在CSV文件中标记重复项
我遇到了一个问题,下面的例子说明了我的困扰:
"ID","NAME","PHONE","REF","DISCARD"
1,"JOHN",12345,,
2,"PETER",6232,,
3,"JON",12345,,
4,"PETERSON",6232,,
5,"ALEX",7854,,
6,"JON",12345,,
我想要在“PHONE”这一列中找出重复的号码,并用“REF”这一列来标记后面的重复项,标记的内容是指向第一个号码的“ID”,同时在“DISCARD”这一列中填上“是”。
"ID","NAME","PHONE","REF","DISCARD"
1,"JOHN",12345,1,
2,"PETER",6232,2,
3,"JON",12345,1,"Yes"
4,"PETERSON",6232,2,"Yes"
5,"ALEX",7854,,
6,"JON",12345,1,"Yes"
那么,我该怎么做呢?我试过一些代码,但我的思路显然不对。
import csv
myfile = open("C:\Users\Eduardo\Documents\TEST2.csv", "rb")
myfile1 = open("C:\Users\Eduardo\Documents\TEST2.csv", "rb")
dest = csv.writer(open("C:\Users\Eduardo\Documents\TESTFIXED.csv", "wb"), dialect="excel")
reader = csv.reader(myfile)
verum = list(reader)
verum.sort(key=lambda x: x[2])
for i, row in enumerate(verum):
if row[2] == verum[i][2]:
verum[i][3] = row[0]
print verum
如果你能给我一些指导和帮助,我将非常感激。
5 个回答
0
听起来像是作业。因为这是一个CSV文件(所以改变记录的大小几乎是不可能的),最好的办法是把整个文件加载到内存中,然后在内存中进行处理,最后再写入一个新文件。你可以先创建一个字符串列表,里面存放文件的原始行。接着,创建一个映射,把电话号码作为键,ID作为值。在插入之前,你需要先检查这个号码是否已经存在。如果已经存在,就更新包含重复电话号码的那一行。如果这个号码不在映射中,就插入这个(电话号码,ID)对。
0
from operator import itemgetter
from itertools import groupby
import csv
verum = csv.reader(open('data.csv','rb'))
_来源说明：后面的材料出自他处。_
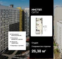 1-комн. квартира-студия от застройщика с предчистовой отделкой в ЖК "ИНСТЕП.СИТИ" на 3 этаже. Общая площадь: 26.38 кв.м., площадь гостиной 18.96 кв.м., из которых 5 кв.м. выделено под кухонную зону. Все окна выходят на одну сторону. В квартире один балкон, один совмещенный санузел. Высота потолков 2.64 м.
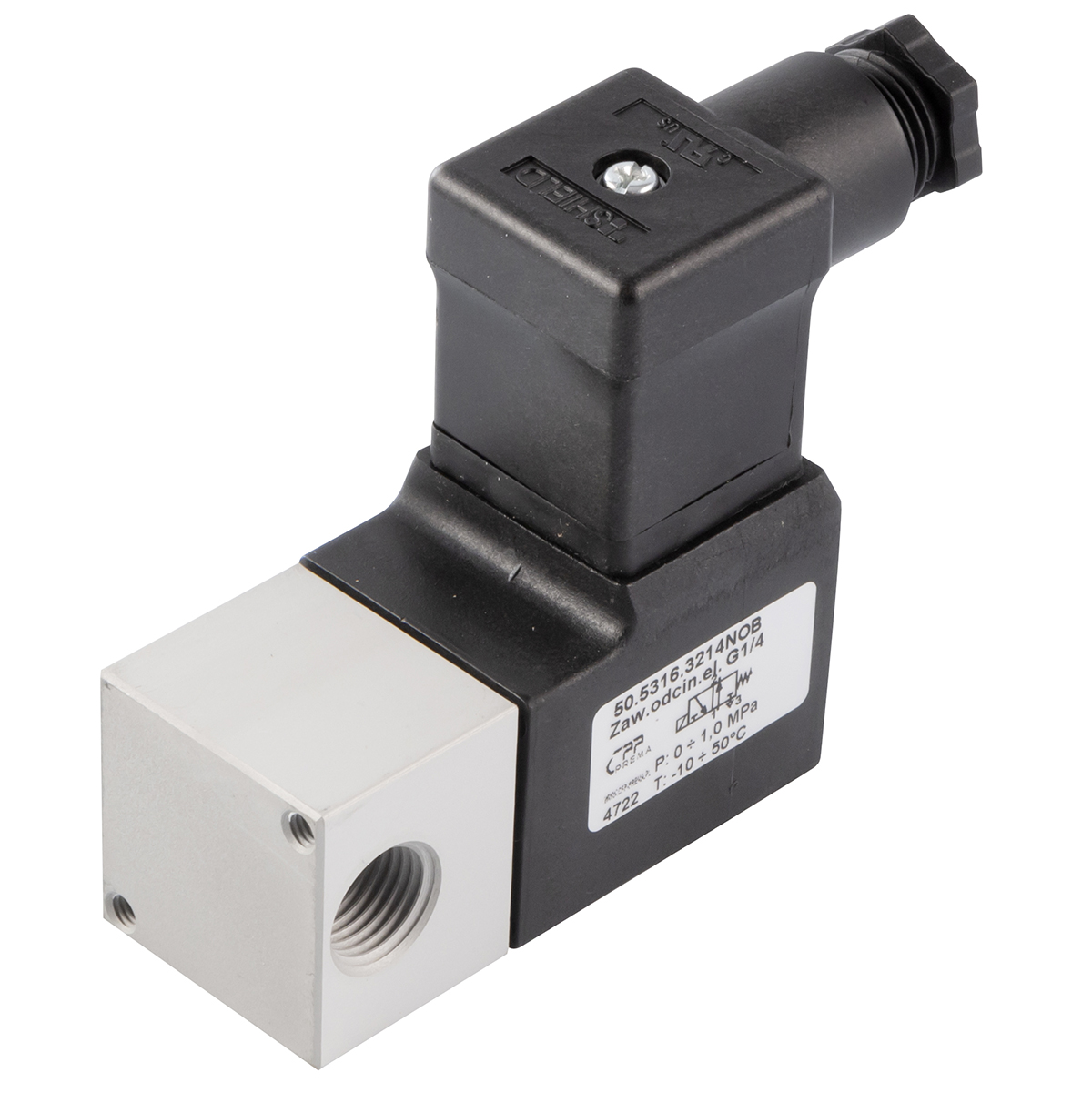 Elektrozawór odcinający FLO 3/2 G1/4, D=1,6 NO normalnie otwarty 0-10 bar, cewka 24V DC

verum.sort(key=itemgetter(2,0))
def grouper( verum ):
for key, grp in groupby(verum,itemgetter(2)):
# key = phone number, grp = records with that number
first = grp.next()
# first item gets its id written into the 4th column
yield [first[0],first[1],first[2],first[0],''] #or list(itemgetter(0,1,2,0,4)(first))
for x in grp:
# all others get the first items id as ref
yield [x[0],x[1],x[2], first[0], "Yes"]
for line in sorted(grouper(verum), key=itemgetter(0)):
print line
输出结果:
['1', 'JOHN', '12345', '1', '']
['2', 'PETER', '6232', '2', '']
['3', 'JON', '12345', '1', 'Yes']
['4', 'PETERSON', '6232', '2', 'Yes']
['5', 'ALEX', '7854', '5', '']
['6', 'JON', '12345', '1', 'Yes']
把数据写回去的部分就留给你自己去完成啦 ;-)
7
在这个程序运行的时候,你只需要记住一个东西,那就是把电话号码和它们对应的ID放在一个表里。
map = {}
with open(r'c:\temp\input.csv', 'r') as fin:
reader = csv.reader(fin)
with open(r'c:\temp\output.csv', 'w') as fout:
writer = csv.writer(fout)
# omit this if the file has no header row
writer.writerow(next(reader))
for row in reader:
(id, name, phone, ref, discard) = row
if map.has_key(phone):
ref = map[phone]
discard = "YES"
else:
map[phone] = id
writer.writerow((id, name, phone, ref, discard))